1

I want to read a ppt file i tried to read file using apache.poi library API. This is what i tried .

POIFSFileSystem posF = new POIFSFileSystem(fileInputStream);

it throws the following error

java.io.IOException: Invalid header signature; read 4851293027410584380, expected -2226271756974174256
at org.apache.poi.poifs.storage.HeaderBlockReader.<init>(HeaderBlockReader.java:112)
at org.apache.poi.poifs.filesystem.POIFSFileSystem.<init>(POIFSFileSystem.java:151)

This question has been asked on stackoverflow many times and i tried all the suggested solutions but it was of no use.

Wolfgang Fahl
  • 15,016
  • 11
  • 93
  • 186
manishKumarSingh
  • 103
  • 2
  • 10
  • Thanks for the reply. i tried following code to check with Apache Tika. POIFSContainerDetector detector = new POIFSContainerDetector(); MediaType mdType= detector.detect(fis, new Metadata()); but it throws java.io.IOException: mark/reset not supported at java.io.InputStream.reset(Unknown Source) at org.apache.tika.parser.microsoft.POIFSContainerDetector.detect(POIFSContainerDetector.java:158) any further help would be highly appreciated. – manishKumarSingh Dec 13 '12 at 08:18

1 Answers1

0

That error tells you that your file isn't actually a PPT file after all. (It's not an OLE2 file, which is the underlying format that .PPT is based on)

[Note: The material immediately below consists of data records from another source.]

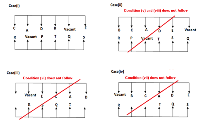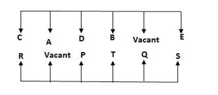 There are twelve seats which are facing each other. In Row I- A, B, C, D and E are sitting and facing south direction. In Row II- P, Q, R, S and T are sitting and facing north direction. Each row contains a vacant seat. No two vacant seats face each other.
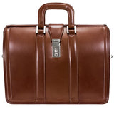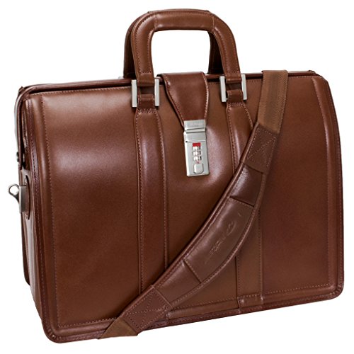 Details: Sophisticated design with secure 3-digit combination lock Organizer with storage space for media devices, cell phone, business cards and pens 3-section construction with padded middle section that protects laptops up to 17” in size and two divider sections for documents Non-slip, shock absorbing neoprene shoulder strap stretches for comfort alleviating body strain
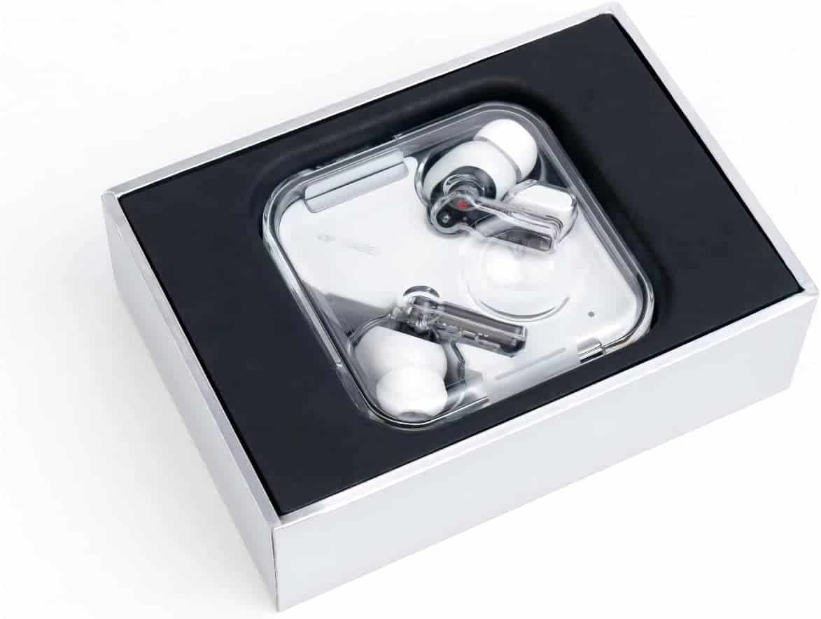 As variantes branca e preta estão disponíveis como parte desta oferta e vêm com preços idênticos. Esses fones de ouvido vêm com esse design exclusivo. Nada é conhecido agora, eles são transparentes. Até a caixa em que eles vêm é transparente.
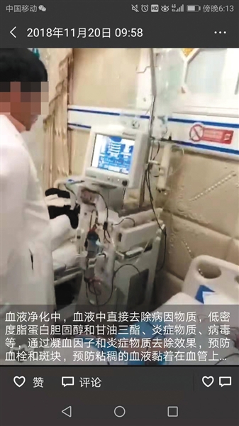 北京东直门附近一家医疗美容机构的“医生”在微信朋友圈中介绍血液净化项目。微信截图
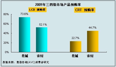 奧維咨詢(AVC)對(duì)主要下鄉(xiāng)省份的三四級(jí)市場研究結(jié)果顯示,在有計(jì)劃于2009年購買彩電產(chǎn)品的人群中,他們更傾向于購買LCD產(chǎn)品,;而即使在農(nóng)村市場,CRT產(chǎn)品的預(yù)購率仍要低于LCD產(chǎn)品,扣除消費(fèi)者購買能力因素,LCD在農(nóng)村市場的被接受程度仍然較高。

To work out what your file actually is, I'd suggest using either the file utility on a nearby unix box, or use Apache Tika with the TikaCLI and --detect. That should help you work out what your file is (hint - it's not a .ppt hence the error!) then you can identify what library to use to open it with

Gagravarr
  • 47,320
  • 10
  • 111
  • 156